The most common way to launch spark applications on the cluster is to use the shell command spark-submit. When using spark-submit shell command the spark application need not be configured particularly for each cluster as the spark-submit shell script uses the cluster managers through a single interface.

Can Spark run on EC2? ›

The spark-ec2 script, located in Spark's ec2 directory, allows you to launch, manage and shut down Spark clusters on Amazon EC2. It automatically sets up Spark and HDFS on the cluster for you.

Can Spark run on AWS? ›

Amazon EMR is the best place to run Apache Spark. You can quickly and easily create managed Spark clusters from the AWS Management Console, AWS CLI, or the Amazon EMR API.

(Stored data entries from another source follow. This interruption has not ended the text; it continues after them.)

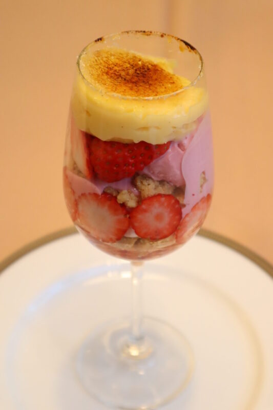 キャラメリゼした香ばしいブリュレから始まり、ストロベリーアイスクリームとバニラアイスクリーム、ザクザク感が楽しめるクランブルなど満足感たっぷりのパフェ。
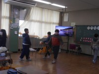 4年生体育の授業です。輪に向かって飛んでいき、進んでいきます。バランスを崩さないようにします。
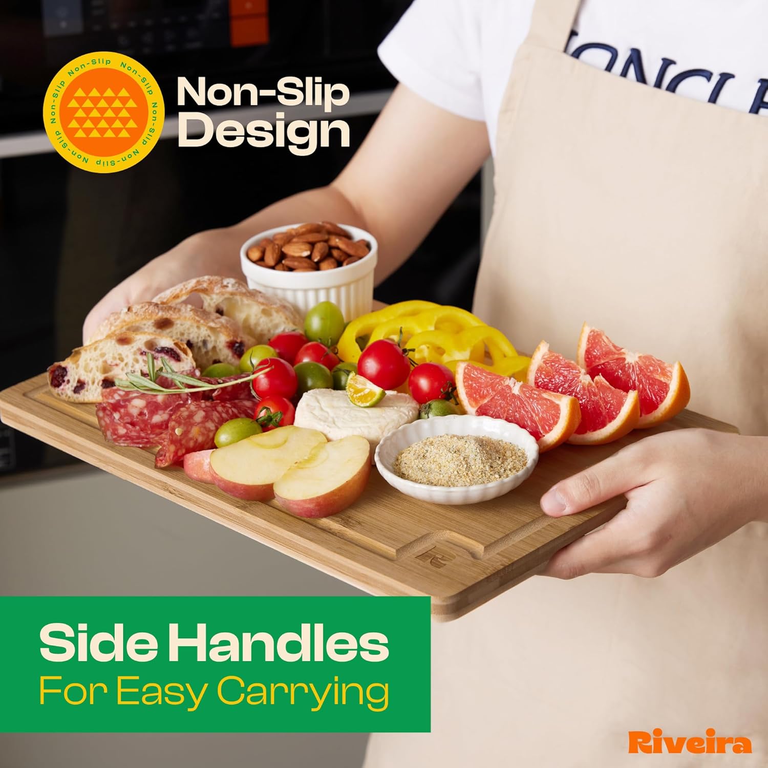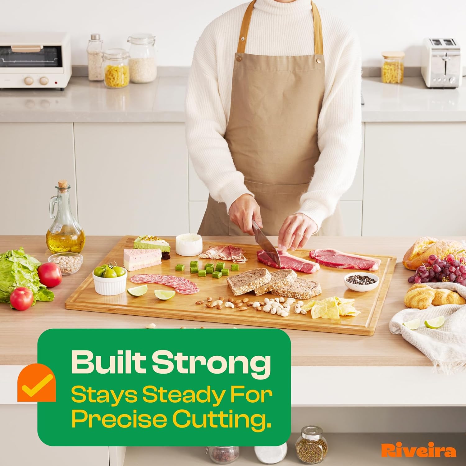 Riveira Brown Bamboo Wood Cutting Board – Gourmet Bamboo Grandeur: 20 x 30 Wooden Cutting Board – Wooden Cutting Boards For Kitchen Decorative – Innovative Juice Grooves Wooden Chopping Board
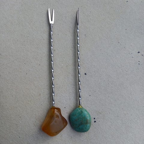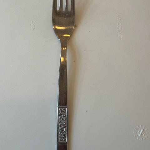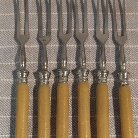 5 store retro gafler + 1 lille retro gaffel. Der er mønster på skaftet som ligner blomster. Der står “Stainless Steel Singapore” bagpå.
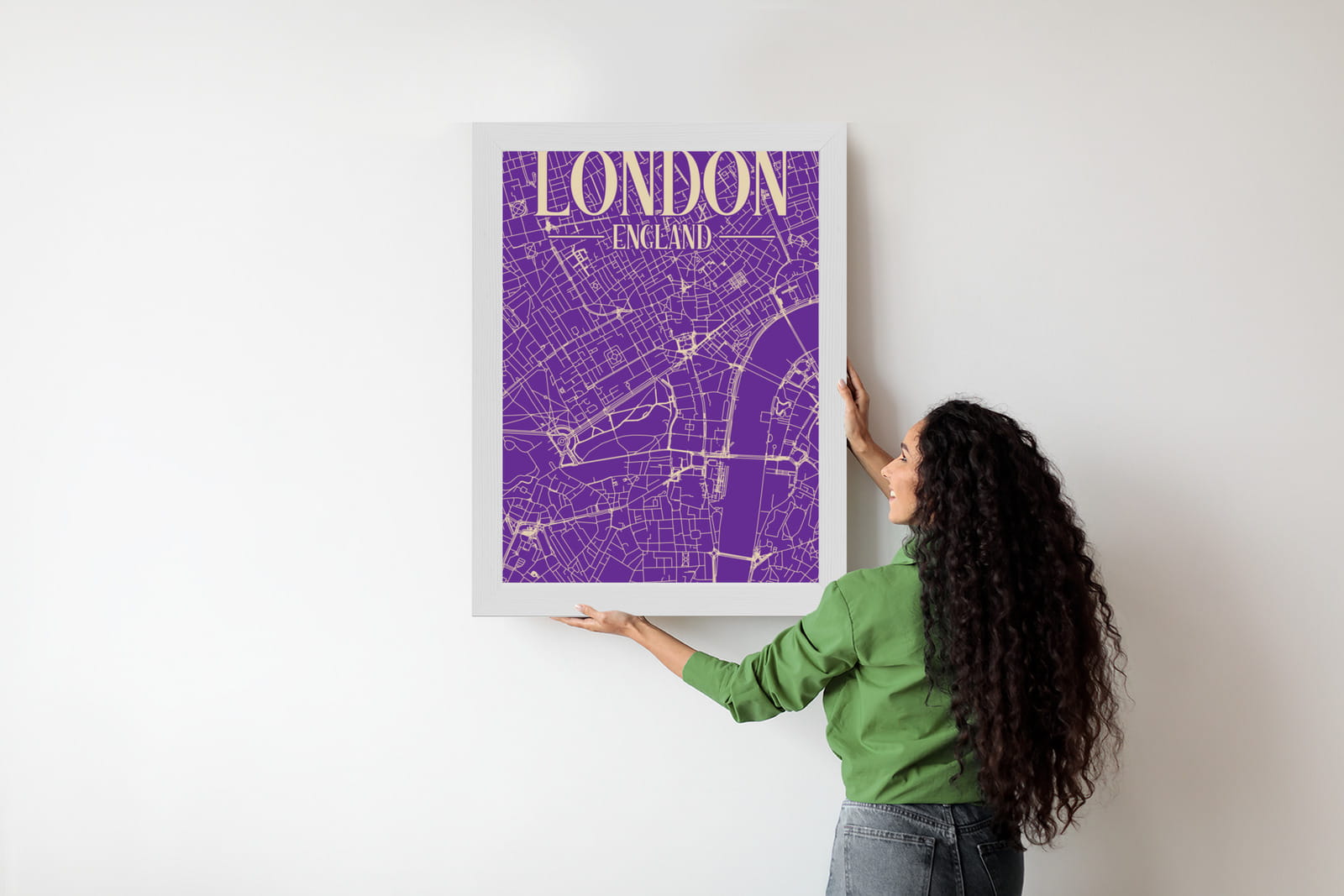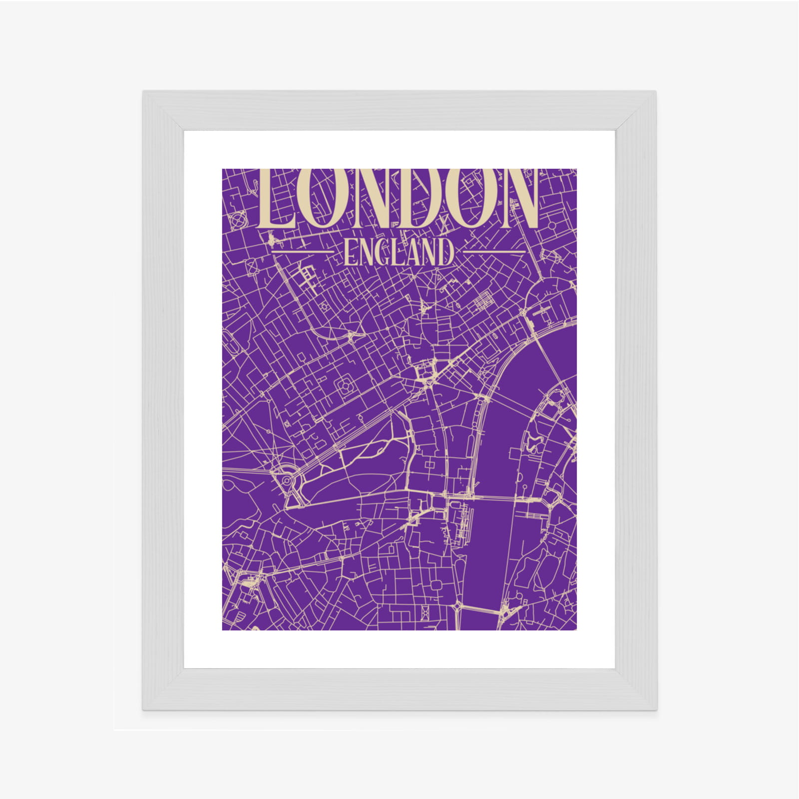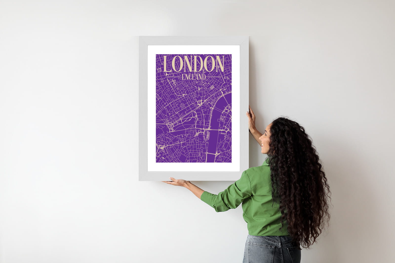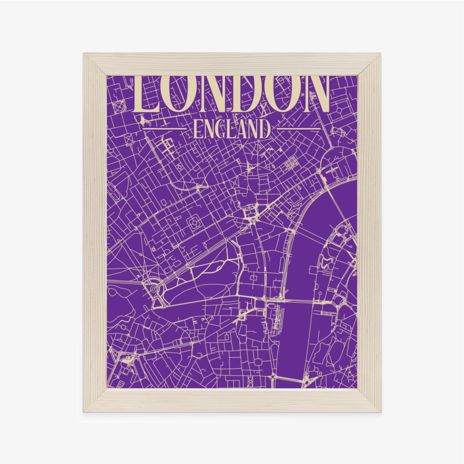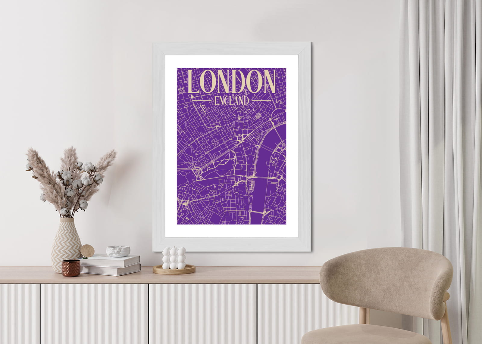 Plakat Centrum Londynu Na Fioletowej Mapie

How do I connect Pyspark to AWS? ›

Here are the steps to set up Amazon EMR with Spark:
  1. Sign in to the AWS Management Console.
  2. Choose the EMR Service.
  3. Create an EMR Cluster with Spark.
  4. a. Click "Create cluster."
  5. b. Configure Cluster.
  6. c. Launch Cluster.
  7. Submit Spark Jobs.
  8. Monitor and Manage the Cluster.
Nov 16, 2023

Top Articles
Study Shows That Walking Can Help You Live Longer
Shiba Inu | VCA Canada Animal Hospitals
UPS Paketshop: Filialen & Standorte
Missed Connections Inland Empire
Tyson Employee Paperless
Jesus Calling December 1 2022
Cumberland Maryland Craigslist
Bank Of America Appointments Near Me
Produzione mondiale di vino
Boston Gang Map
Army Oubs
Busted Newspaper Fauquier County Va
Air Quality Index Endicott Ny
27 Paul Rudd Memes to Get You Through the Week
The Creator Showtimes Near R/C Gateway Theater 8
Ltg Speech Copy Paste
The Boogeyman (Film, 2023) - MovieMeter.nl
Umn Biology
Ultra Ball Pixelmon
How To Improve Your Pilates C-Curve
Meggen Nut
Courtney Roberson Rob Dyrdek
Greater Orangeburg
Average weekly earnings in Great Britain
Gina's Pizza Port Charlotte Fl
Envy Nails Snoqualmie
Indiana Immediate Care.webpay.md
Joe's Truck Accessories Summerville South Carolina
Oreillys Federal And Evans
House Of Budz Michigan
Craigslist Mount Pocono
Otter Bustr
Indio Mall Eye Doctor
Vocabulary Workshop Level B Unit 13 Choosing The Right Word
20 bank M&A deals with the largest target asset volume in 2023
Author's Purpose And Viewpoint In The Dark Game Part 3
Flipper Zero Delivery Time
511Pa
Nina Flowers
Craigslist Minneapolis Com
Television Archive News Search Service
Unlock The Secrets Of "Skip The Game" Greensboro North Carolina
Youravon Com Mi Cuenta
Jane Powell, MGM musical star of 'Seven Brides for Seven Brothers,' 'Royal Wedding,' dead at 92
bot .com Project by super soph
A Man Called Otto Showtimes Near Cinemark Greeley Mall
552 Bus Schedule To Atlantic City
Mejores páginas para ver deportes gratis y online - VidaBytes
Evil Dead Rise - Everything You Need To Know
Greg Steube Height
Craigslist Psl
Scholar Dollar Nmsu
Latest Posts
Article information

Author: Delena Feil

Last Updated:

Views: 6602

Rating: 4.4 / 5 (45 voted)

Reviews: 92% of readers found this page helpful

Author information

Name: Delena Feil

Birthday: 1998-08-29

Address: 747 Lubowitz Run, Sidmouth, HI 90646-5543

Phone: +99513241752844

Job: Design Supervisor

Hobby: Digital arts, Lacemaking, Air sports, Running, Scouting, Shooting, Puzzles

Introduction: My name is Delena Feil, I am a clean, splendid, calm, fancy, jolly, bright, faithful person who loves writing and wants to share my knowledge and understanding with you.